- [ASSIGNED TASK]:
With the pictures left out, print exactly the lines below that run from the one containing "近30年来,中国的艺术品市场" through the one containing "Er stürzt bei".

- [GIVEN RECORDS]:
# # # # #

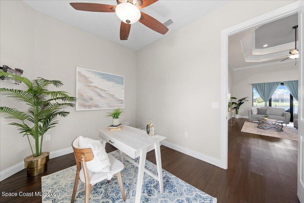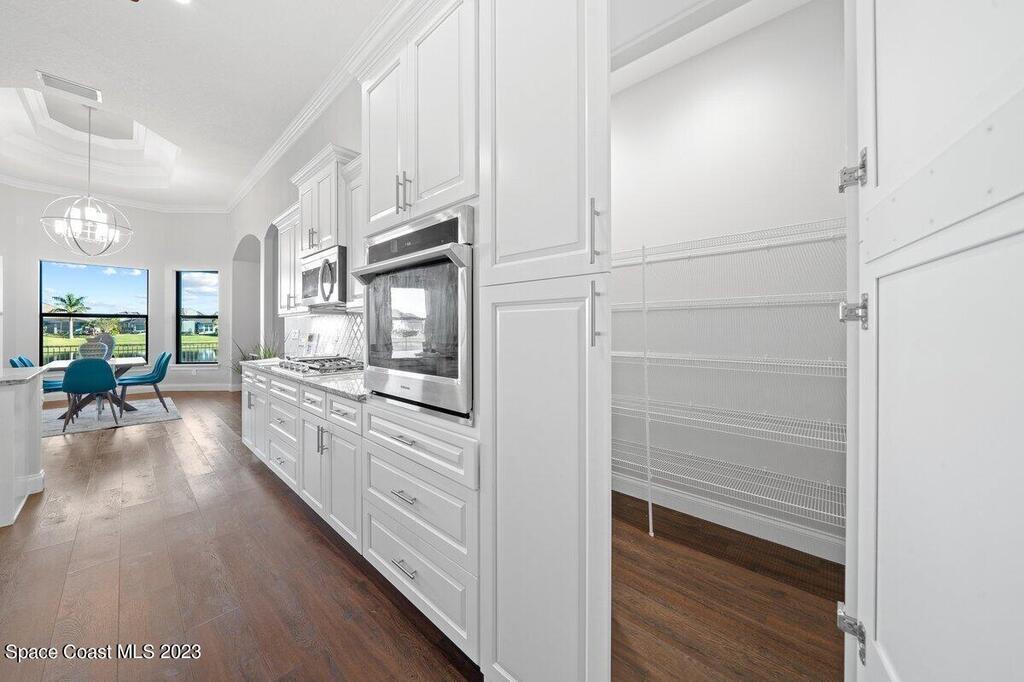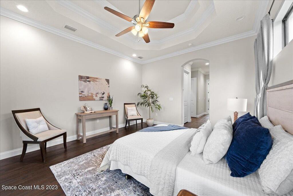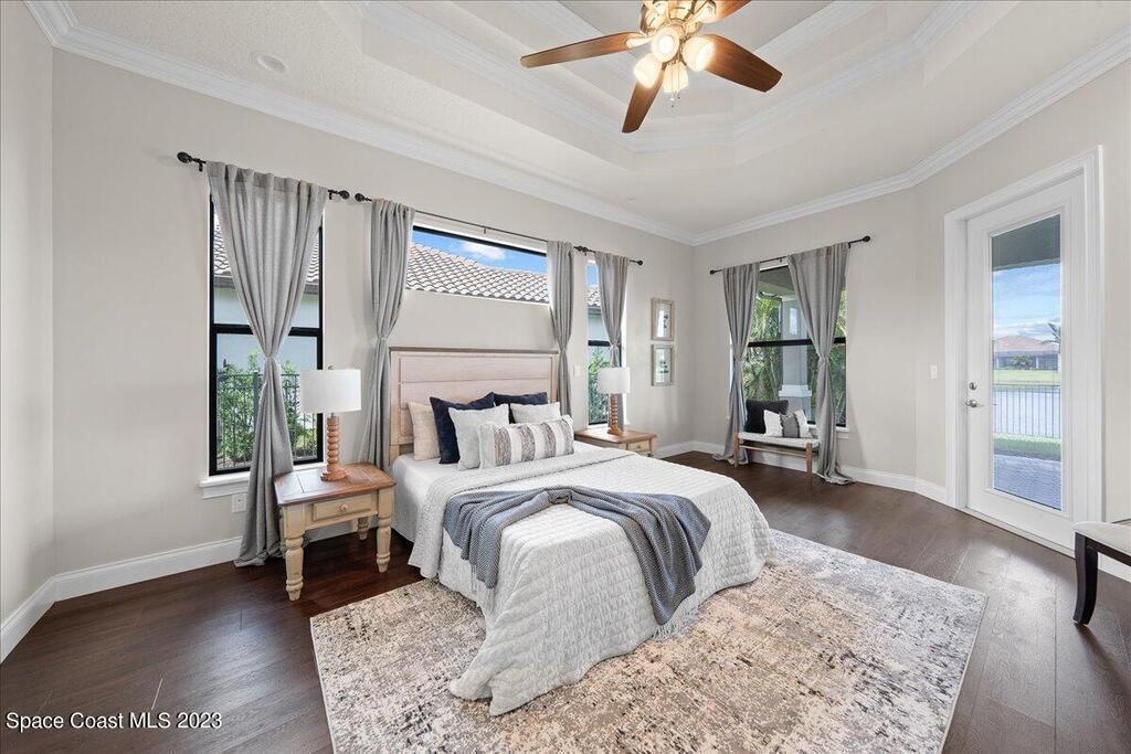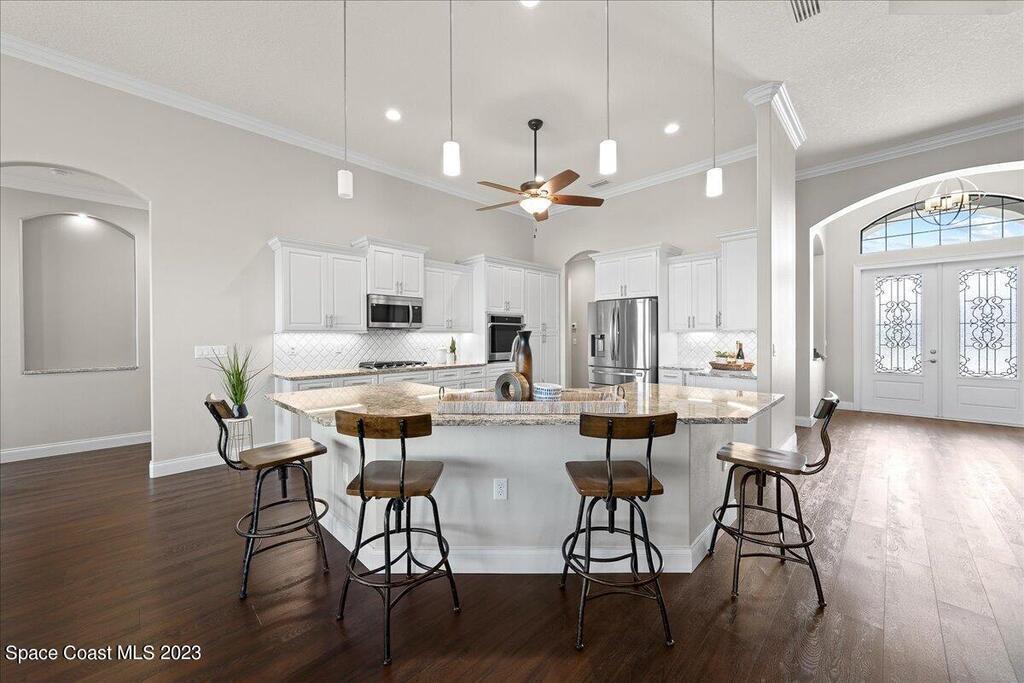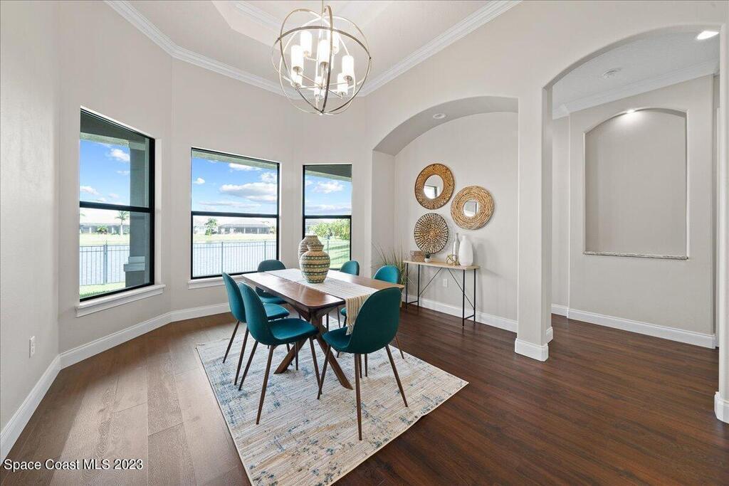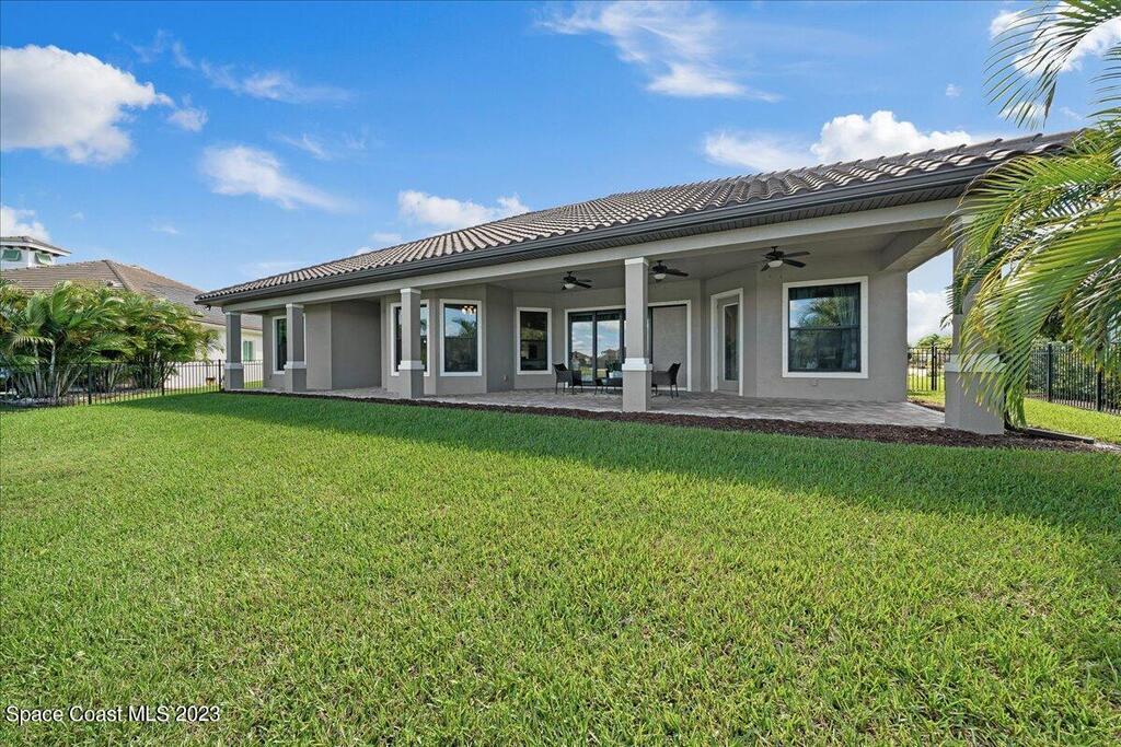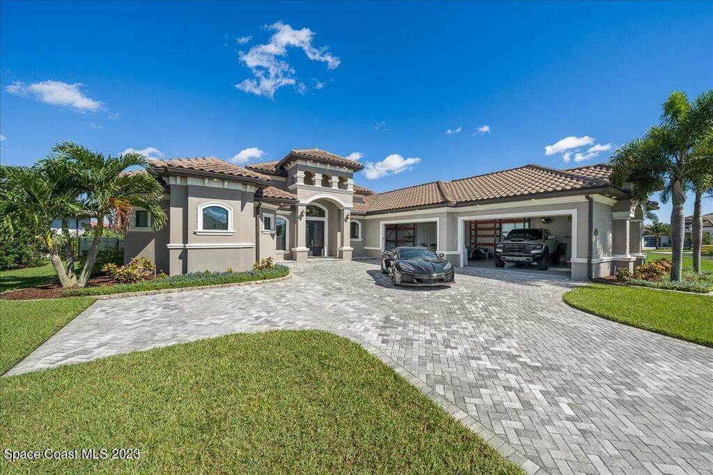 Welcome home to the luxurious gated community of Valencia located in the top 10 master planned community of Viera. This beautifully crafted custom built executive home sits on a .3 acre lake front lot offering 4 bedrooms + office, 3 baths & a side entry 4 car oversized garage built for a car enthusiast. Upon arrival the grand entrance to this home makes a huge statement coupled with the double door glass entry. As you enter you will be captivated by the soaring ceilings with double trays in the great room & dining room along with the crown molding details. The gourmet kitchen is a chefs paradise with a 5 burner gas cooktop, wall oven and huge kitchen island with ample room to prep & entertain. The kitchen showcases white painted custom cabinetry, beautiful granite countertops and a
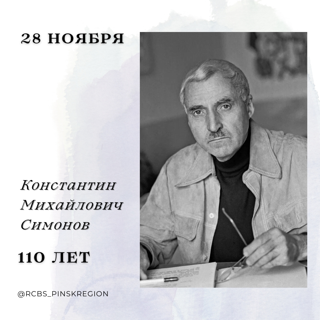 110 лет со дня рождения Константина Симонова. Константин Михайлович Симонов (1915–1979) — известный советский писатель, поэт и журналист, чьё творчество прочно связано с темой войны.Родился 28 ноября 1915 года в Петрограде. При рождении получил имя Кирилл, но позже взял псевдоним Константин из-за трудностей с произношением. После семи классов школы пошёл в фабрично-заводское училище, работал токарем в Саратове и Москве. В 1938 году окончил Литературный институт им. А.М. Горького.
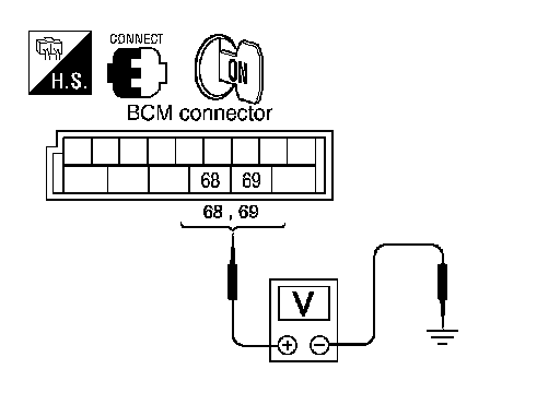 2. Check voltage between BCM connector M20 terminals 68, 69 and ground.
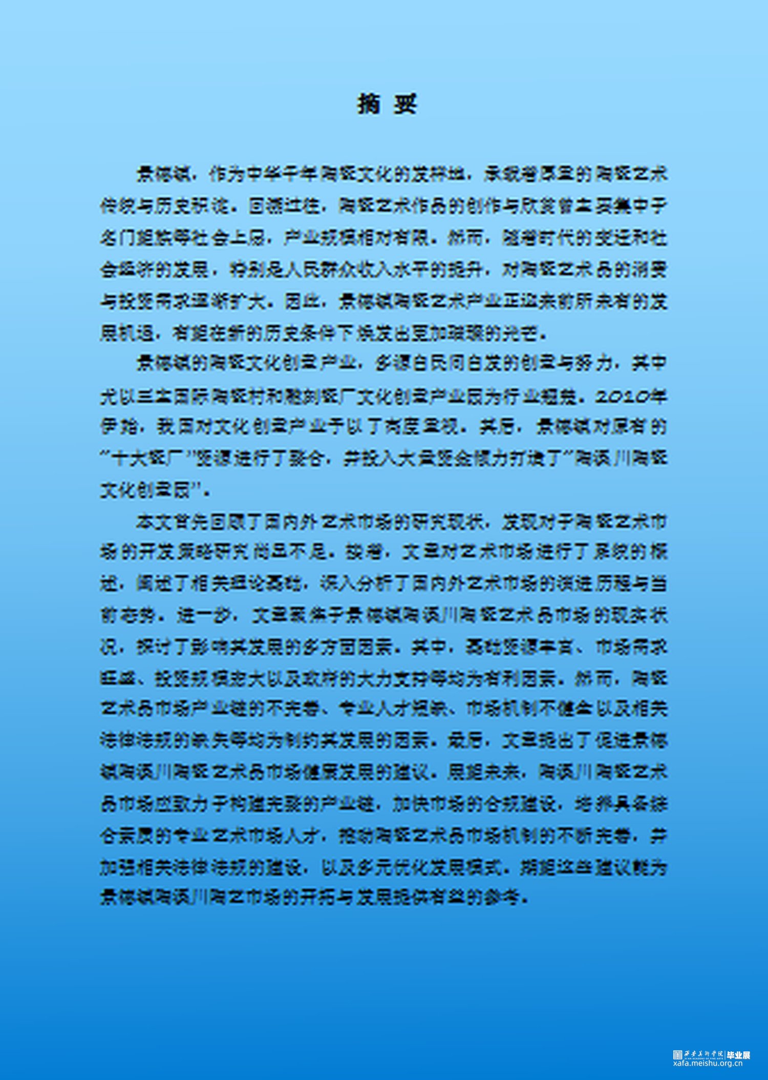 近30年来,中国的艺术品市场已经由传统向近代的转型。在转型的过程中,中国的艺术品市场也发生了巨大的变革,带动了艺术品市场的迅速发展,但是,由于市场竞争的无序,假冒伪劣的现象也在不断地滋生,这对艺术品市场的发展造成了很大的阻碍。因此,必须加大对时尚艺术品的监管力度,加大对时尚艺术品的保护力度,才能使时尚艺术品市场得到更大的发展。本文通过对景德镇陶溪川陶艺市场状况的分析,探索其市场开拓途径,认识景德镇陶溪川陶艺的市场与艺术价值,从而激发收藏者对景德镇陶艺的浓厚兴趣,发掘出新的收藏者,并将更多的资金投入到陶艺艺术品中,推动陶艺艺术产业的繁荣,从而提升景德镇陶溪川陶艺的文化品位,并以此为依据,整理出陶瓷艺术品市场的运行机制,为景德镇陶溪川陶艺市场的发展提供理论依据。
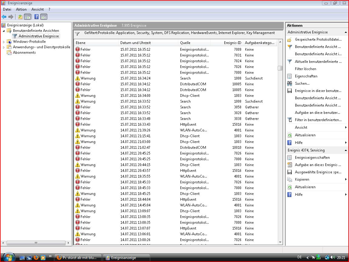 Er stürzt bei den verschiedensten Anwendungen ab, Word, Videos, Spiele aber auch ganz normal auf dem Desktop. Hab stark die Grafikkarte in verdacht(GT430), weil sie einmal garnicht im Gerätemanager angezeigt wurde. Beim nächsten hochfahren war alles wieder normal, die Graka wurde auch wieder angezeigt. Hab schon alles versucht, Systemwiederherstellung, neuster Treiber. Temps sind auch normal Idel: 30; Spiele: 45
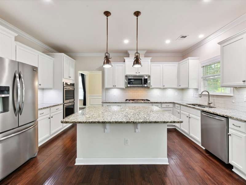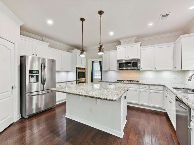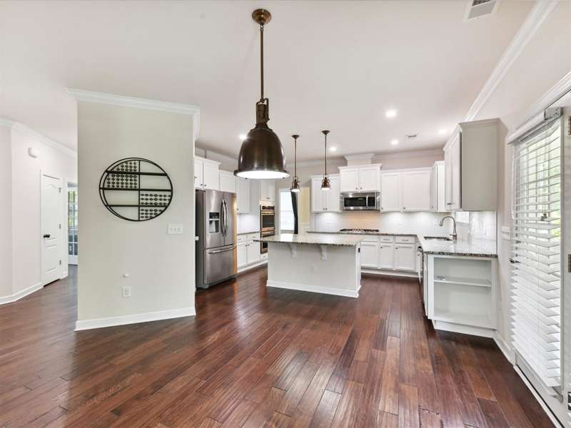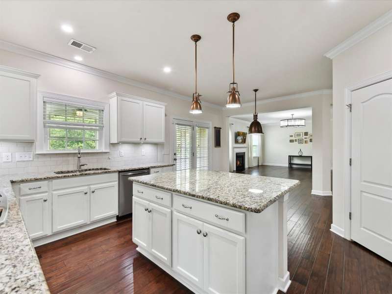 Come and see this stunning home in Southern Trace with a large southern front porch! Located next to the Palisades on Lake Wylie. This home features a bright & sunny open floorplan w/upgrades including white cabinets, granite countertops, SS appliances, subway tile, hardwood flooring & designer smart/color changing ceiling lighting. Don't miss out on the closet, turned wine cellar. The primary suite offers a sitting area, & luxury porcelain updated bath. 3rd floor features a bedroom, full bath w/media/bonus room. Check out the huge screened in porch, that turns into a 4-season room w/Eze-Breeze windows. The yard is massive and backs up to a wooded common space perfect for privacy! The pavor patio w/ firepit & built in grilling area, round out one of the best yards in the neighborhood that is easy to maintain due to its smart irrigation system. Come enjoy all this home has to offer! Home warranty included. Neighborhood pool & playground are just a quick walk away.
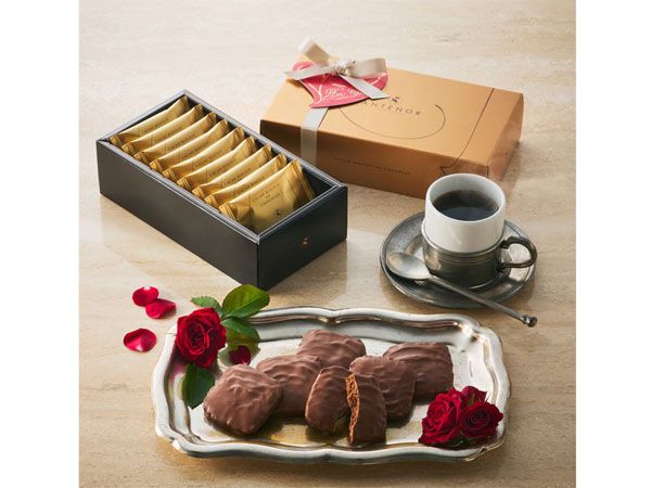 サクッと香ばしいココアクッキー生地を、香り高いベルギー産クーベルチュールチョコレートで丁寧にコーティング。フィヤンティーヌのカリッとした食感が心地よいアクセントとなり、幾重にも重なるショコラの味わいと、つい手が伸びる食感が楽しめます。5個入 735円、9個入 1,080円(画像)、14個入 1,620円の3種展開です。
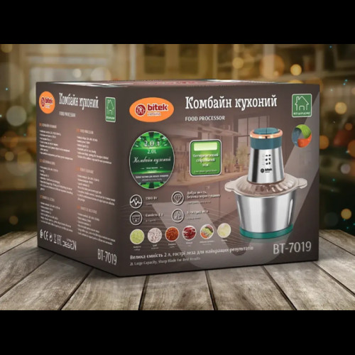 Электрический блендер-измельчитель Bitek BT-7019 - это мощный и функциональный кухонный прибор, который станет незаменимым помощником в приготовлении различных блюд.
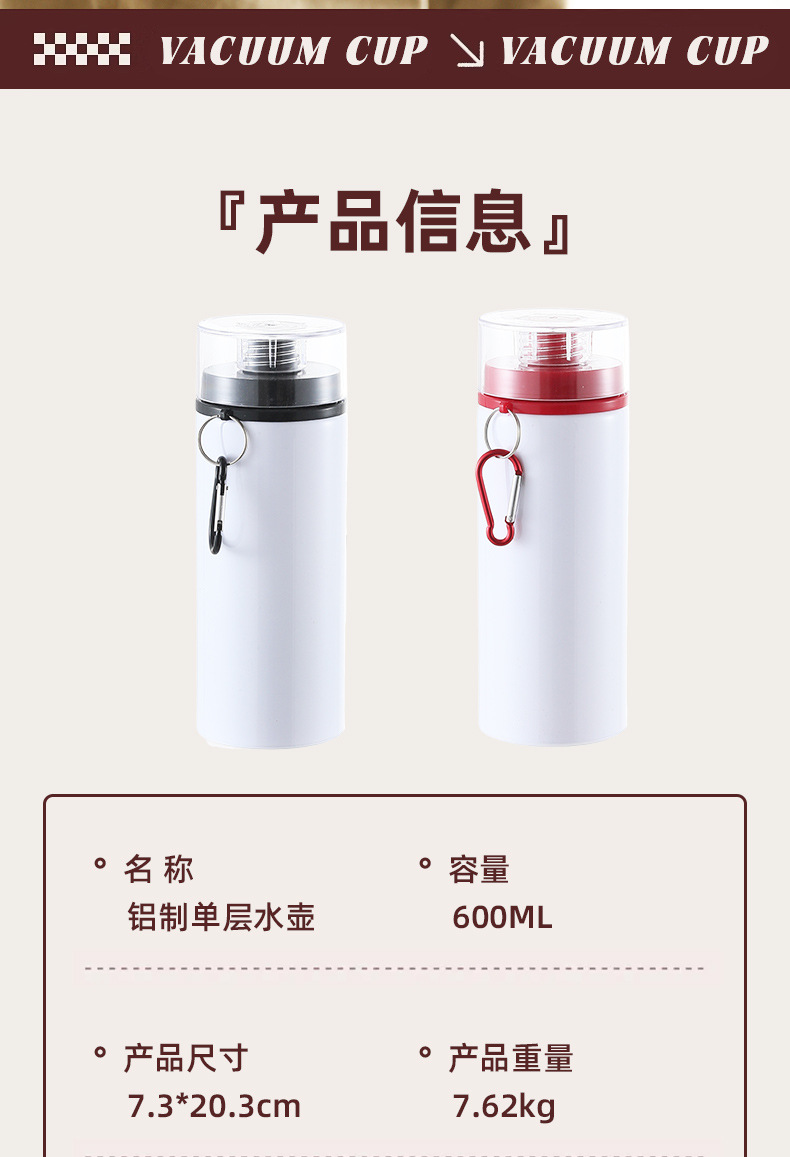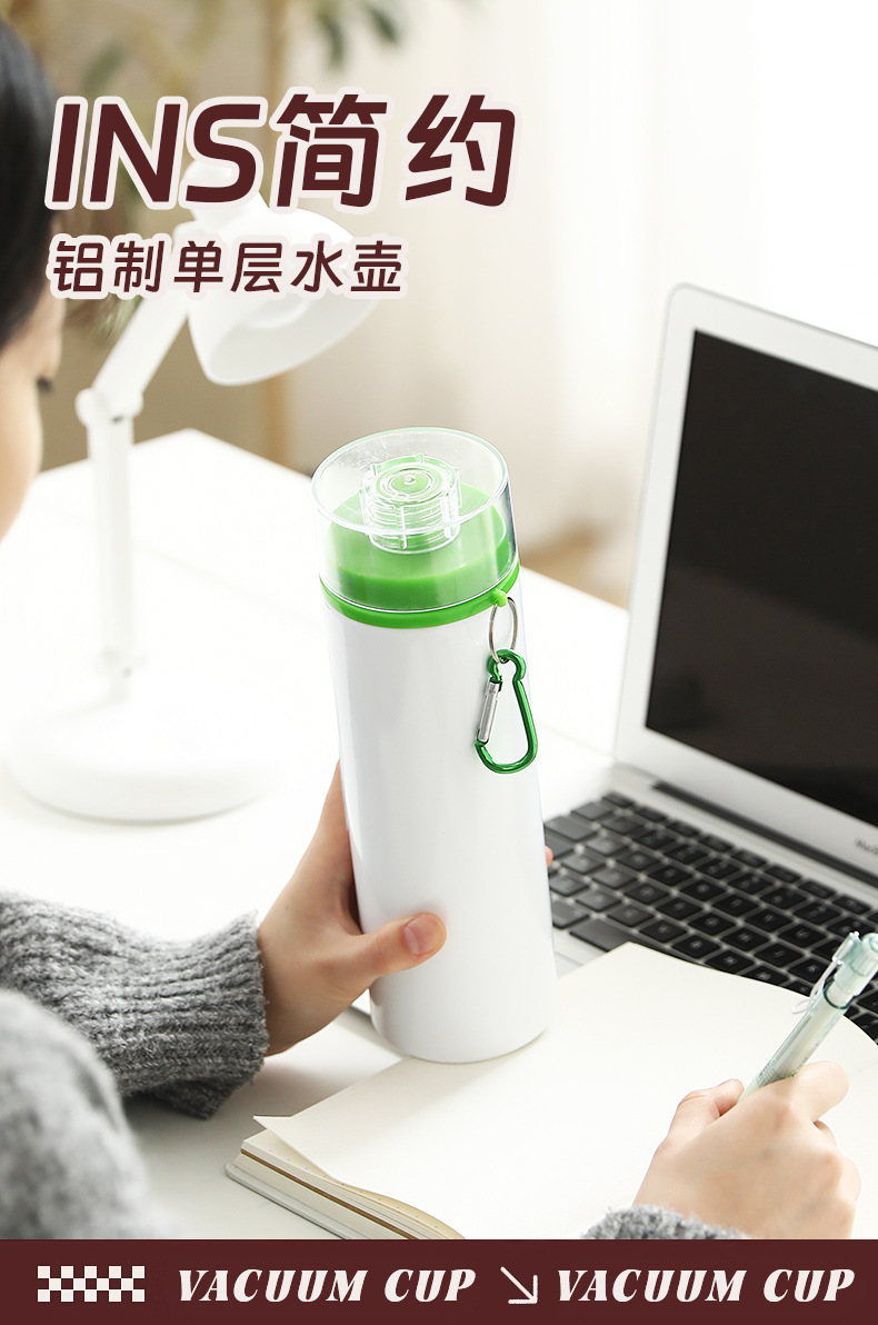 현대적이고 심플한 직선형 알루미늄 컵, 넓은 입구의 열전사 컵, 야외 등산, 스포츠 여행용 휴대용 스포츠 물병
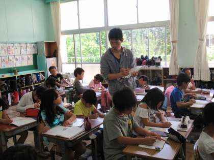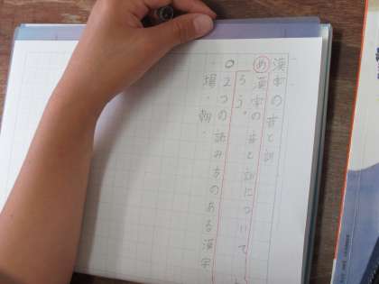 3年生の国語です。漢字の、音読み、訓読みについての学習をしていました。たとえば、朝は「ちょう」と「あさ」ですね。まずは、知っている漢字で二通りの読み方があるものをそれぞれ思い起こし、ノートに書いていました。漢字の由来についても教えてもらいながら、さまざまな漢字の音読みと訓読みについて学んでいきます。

# # # # #

- [ANSWER TO THIS PROBLEM]:
 近30年来,中国的艺术品市场已经由传统向近代的转型。在转型的过程中,中国的艺术品市场也发生了巨大的变革,带动了艺术品市场的迅速发展,但是,由于市场竞争的无序,假冒伪劣的现象也在不断地滋生,这对艺术品市场的发展造成了很大的阻碍。因此,必须加大对时尚艺术品的监管力度,加大对时尚艺术品的保护力度,才能使时尚艺术品市场得到更大的发展。本文通过对景德镇陶溪川陶艺市场状况的分析,探索其市场开拓途径,认识景德镇陶溪川陶艺的市场与艺术价值,从而激发收藏者对景德镇陶艺的浓厚兴趣,发掘出新的收藏者,并将更多的资金投入到陶艺艺术品中,推动陶艺艺术产业的繁荣,从而提升景德镇陶溪川陶艺的文化品位,并以此为依据,整理出陶瓷艺术品市场的运行机制,为景德镇陶溪川陶艺市场的发展提供理论依据。
 Er stürzt bei den verschiedensten Anwendungen ab, Word, Videos, Spiele aber auch ganz normal auf dem Desktop. Hab stark die Grafikkarte in verdacht(GT430), weil sie einmal garnicht im Gerätemanager angezeigt wurde. Beim nächsten hochfahren war alles wieder normal, die Graka wurde auch wieder angezeigt. Hab schon alles versucht, Systemwiederherstellung, neuster Treiber. Temps sind auch normal Idel: 30; Spiele: 45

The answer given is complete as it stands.